*** SOURCE MATERIAL ***

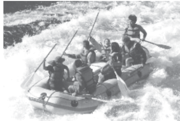
"An Adventure to Live"
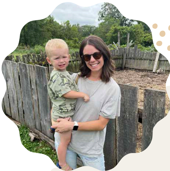
VISITING ABRAHAM LINCOLN'S NEARBY FAMILY FARM
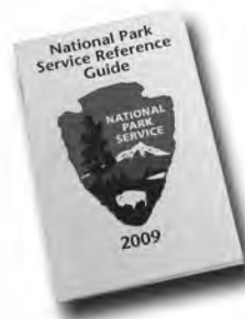
Pocket Reference Guide

To order, visit www.ArrowheadStore.com , or call (877) NAT-PARK
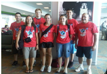
Trinity sent seven missionaries to Haiti this past July.

If you would like to learn more about the "Wholeness Wheel" from the ELCA, please log onto the ELCA website at www.elca.org and search for Wholeness Wheel.
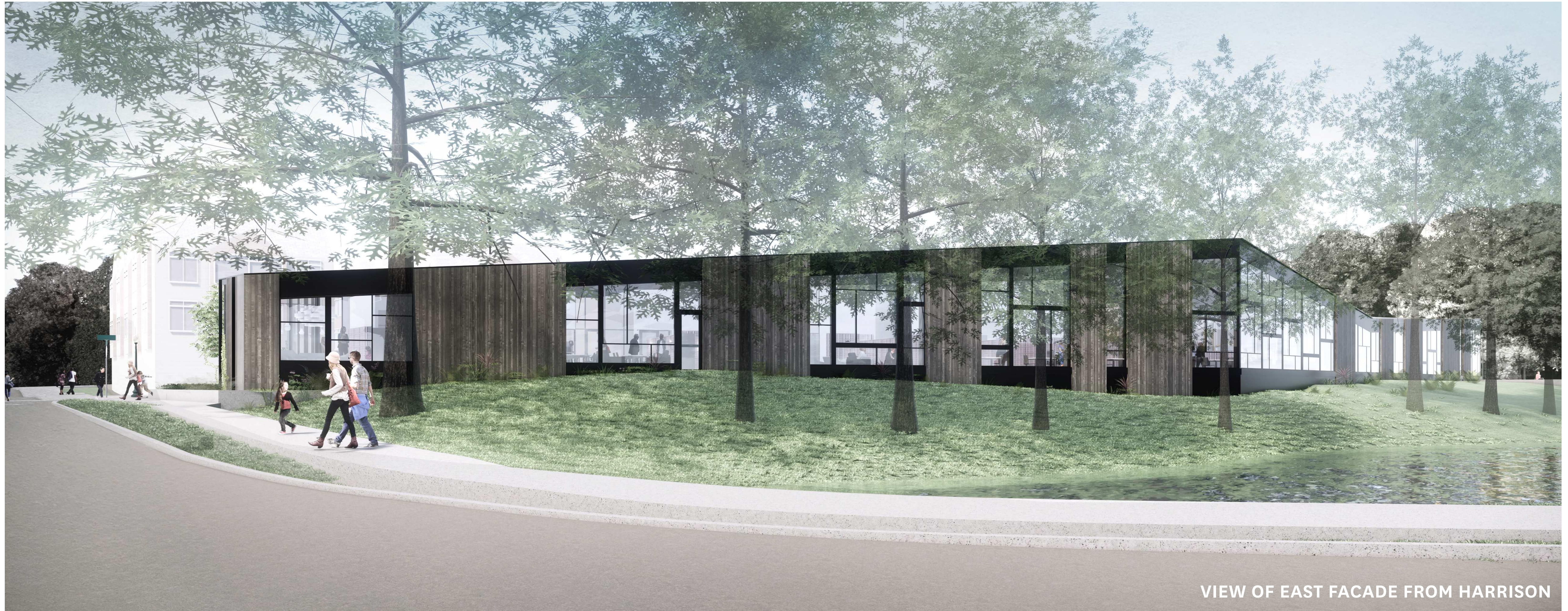
VIEW OF EAST FACADE FROM HARRISON
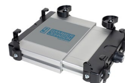
7160-0402-03 NotePad V-LT Universal Computer Cradle
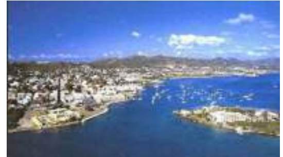
The City of Christiansted looking east
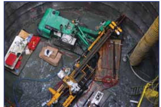
Packer testing in a 70ft deep by 30ft diameter shaft with Gregg's Mito drill rig
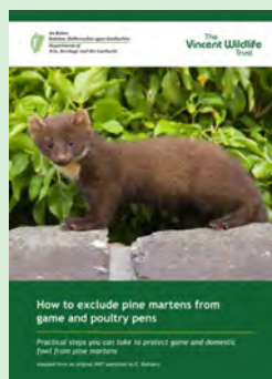
Photo: Cover of our new leaflet ' How to exclude pine martens from game and poultry pens '
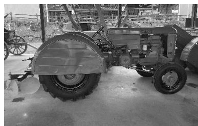
A fully restored 1945 Case VAO
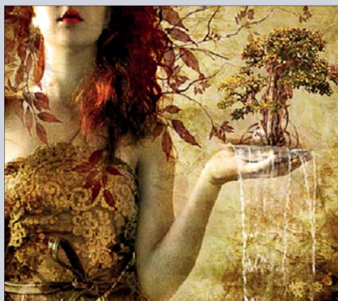
Figure 1: Attention energizes and intention transforms. Using these attributes in conjunction with unattachment is a powerful tool to manifest great benefits into your life.

When you wish to end the meditation, “release” the mantra and bring your focus back into your body. Now, take long, deep inhalations and corresponding exhalations for about a minute. When you are ready, open your eyes and begin your day. As you move forward with your life, occasionally place your attention on the three or four intentions you scribed within the bottle. Don’t rush or be attached to the outcome. The universe will take care of the details.
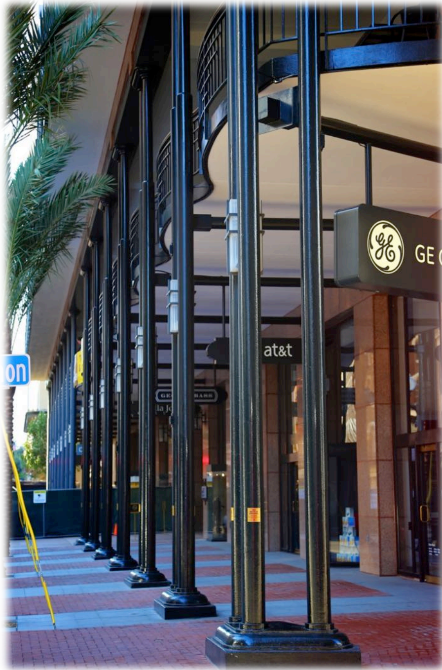
Place St. Charles New Orleans, LA
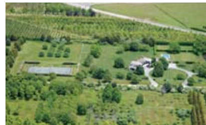
Bridgehampton. $4.995M WEB# 42555 3,500 SF +/-, 4 bedrooms, pool, tennis, 5.2 acres.
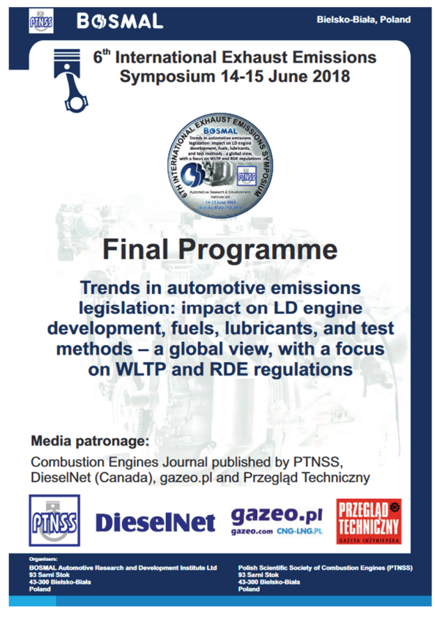
Fig. 2. First page of the Final Programme of the 6th Exhaust Emissions Symposium
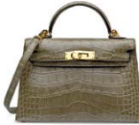
3860 A SHINY GRIS TOURTERELLE ALLIGATOR MINI KELLY 20 II WITH GOLD HARDWARE

GRADE 1 HK$200,000-280,000 US$26,000-36,000
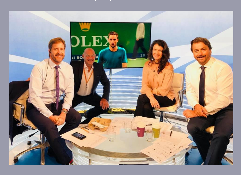
Consultant for Léman Bleu TV at the Laver Cup in Geneva in 2019
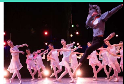
Ballet San Antonio
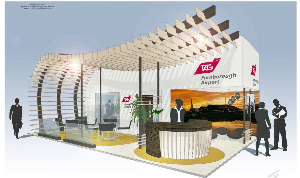
TAG | MEBA 2018 | DUBAI UAE | v04
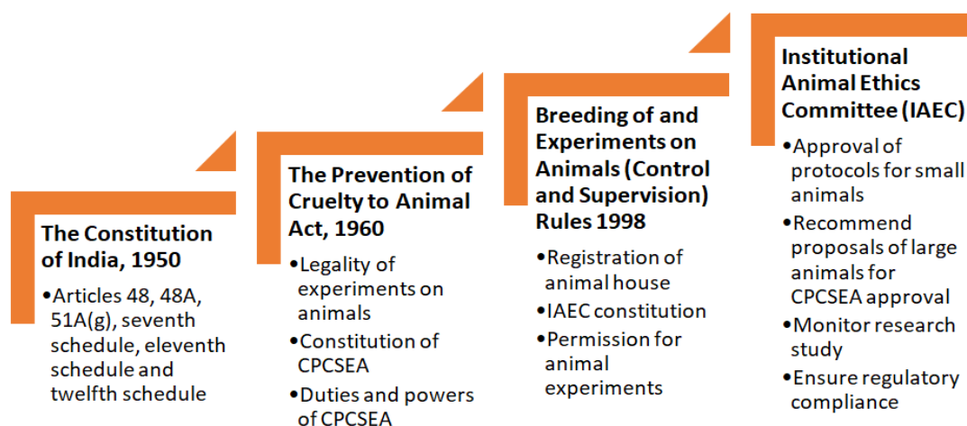
Fig. 2. Origin and functions of institutional animal ethics committee

In-vitro studies are another commonly used alternative to animal models. It involves evaluation of drug activity using cell lines grown outside the living organism. The cells of various organs are collected from animals and are then grown on special media outside the body. These cell lines are used for preliminary screening of toxicity and efficacy studies of test drugs [22-23]. The main limitation of cell line studies is the unavailability of in-vitro cultures for most of the target organs [17].
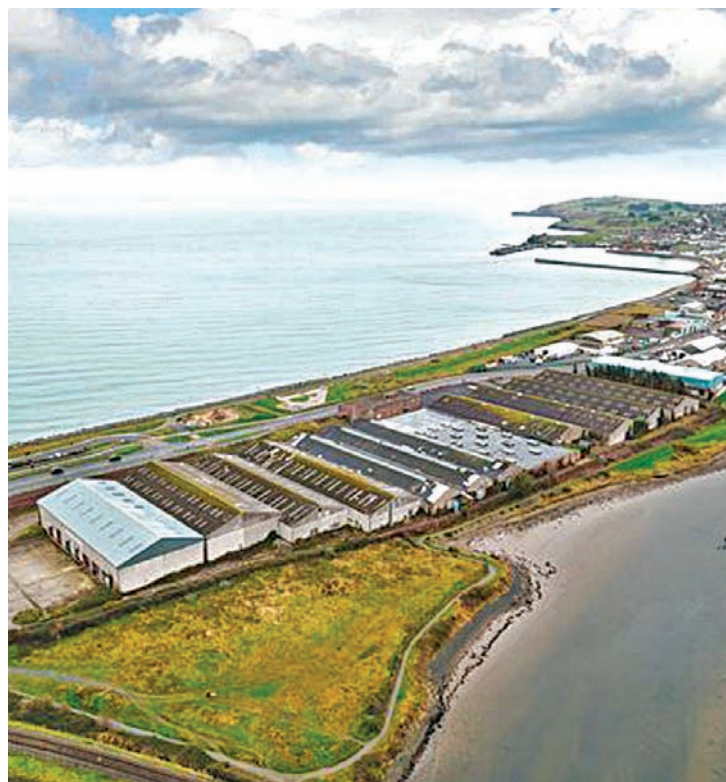
The Veba site at The Murrough, Wicklow Town
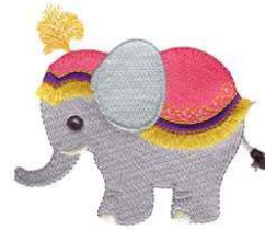
CM214_48 Elephant 4.04 X 3.59 in. 102.62 X 91.19 mm 11,829 St.
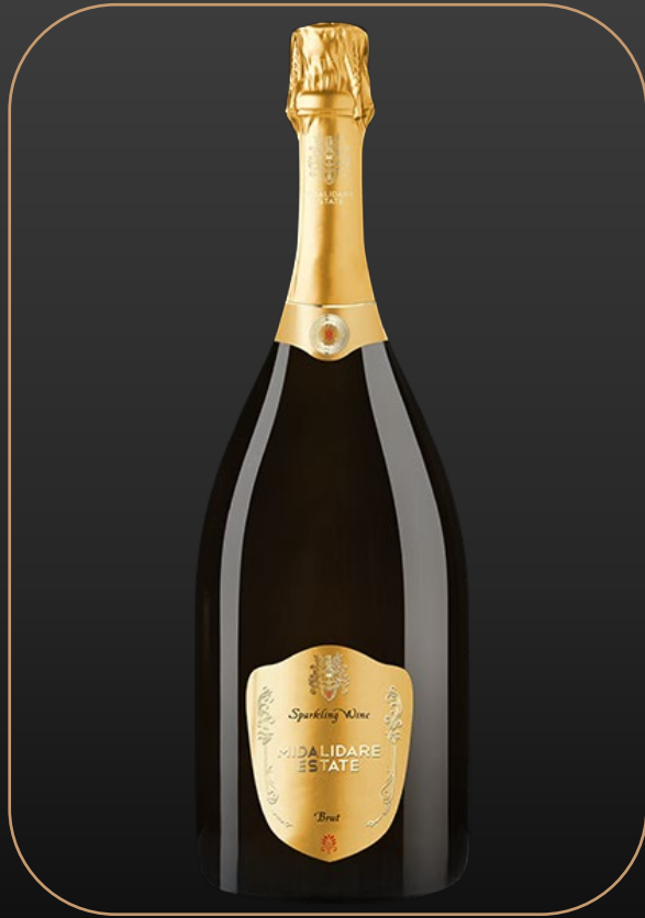
Midalidare Sparkling Gold Extra Brut Magnum
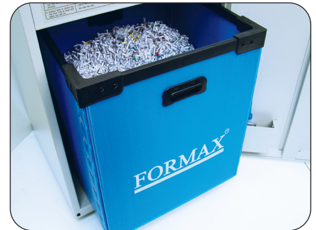
Lifetime guaranteed molded plastic waste bin

*** End of SOURCE MATERIAL ***

** PROBLEM STATEMENT **
Set down each entry above exactly as it appears. Omit the pictures.

** EXERCISE ANSWER **
"An Adventure to Live"
VISITING ABRAHAM LINCOLN'S NEARBY FAMILY FARM
Pocket Reference Guide

To order, visit www.ArrowheadStore.com , or call (877) NAT-PARK
Trinity sent seven missionaries to Haiti this past July.

If you would like to learn more about the "Wholeness Wheel" from the ELCA, please log onto the ELCA website at www.elca.org and search for Wholeness Wheel.
VIEW OF EAST FACADE FROM HARRISON
7160-0402-03 NotePad V-LT Universal Computer Cradle
The City of Christiansted looking east
Packer testing in a 70ft deep by 30ft diameter shaft with Gregg's Mito drill rig
Photo: Cover of our new leaflet ' How to exclude pine martens from game and poultry pens '
A fully restored 1945 Case VAO
Figure 1: Attention energizes and intention transforms. Using these attributes in conjunction with unattachment is a powerful tool to manifest great benefits into your life.

When you wish to end the meditation, “release” the mantra and bring your focus back into your body. Now, take long, deep inhalations and corresponding exhalations for about a minute. When you are ready, open your eyes and begin your day. As you move forward with your life, occasionally place your attention on the three or four intentions you scribed within the bottle. Don’t rush or be attached to the outcome. The universe will take care of the details.
Place St. Charles New Orleans, LA
Bridgehampton. $4.995M WEB# 42555 3,500 SF +/-, 4 bedrooms, pool, tennis, 5.2 acres.
Fig. 2. First page of the Final Programme of the 6th Exhaust Emissions Symposium
3860 A SHINY GRIS TOURTERELLE ALLIGATOR MINI KELLY 20 II WITH GOLD HARDWARE

GRADE 1 HK$200,000-280,000 US$26,000-36,000
Consultant for Léman Bleu TV at the Laver Cup in Geneva in 2019
Ballet San Antonio
TAG | MEBA 2018 | DUBAI UAE | v04
Fig. 2. Origin and functions of institutional animal ethics committee

In-vitro studies are another commonly used alternative to animal models. It involves evaluation of drug activity using cell lines grown outside the living organism. The cells of various organs are collected from animals and are then grown on special media outside the body. These cell lines are used for preliminary screening of toxicity and efficacy studies of test drugs [22-23]. The main limitation of cell line studies is the unavailability of in-vitro cultures for most of the target organs [17].
The Veba site at The Murrough, Wicklow Town
CM214_48 Elephant 4.04 X 3.59 in. 102.62 X 91.19 mm 11,829 St.
Midalidare Sparkling Gold Extra Brut Magnum
Lifetime guaranteed molded plastic waste bin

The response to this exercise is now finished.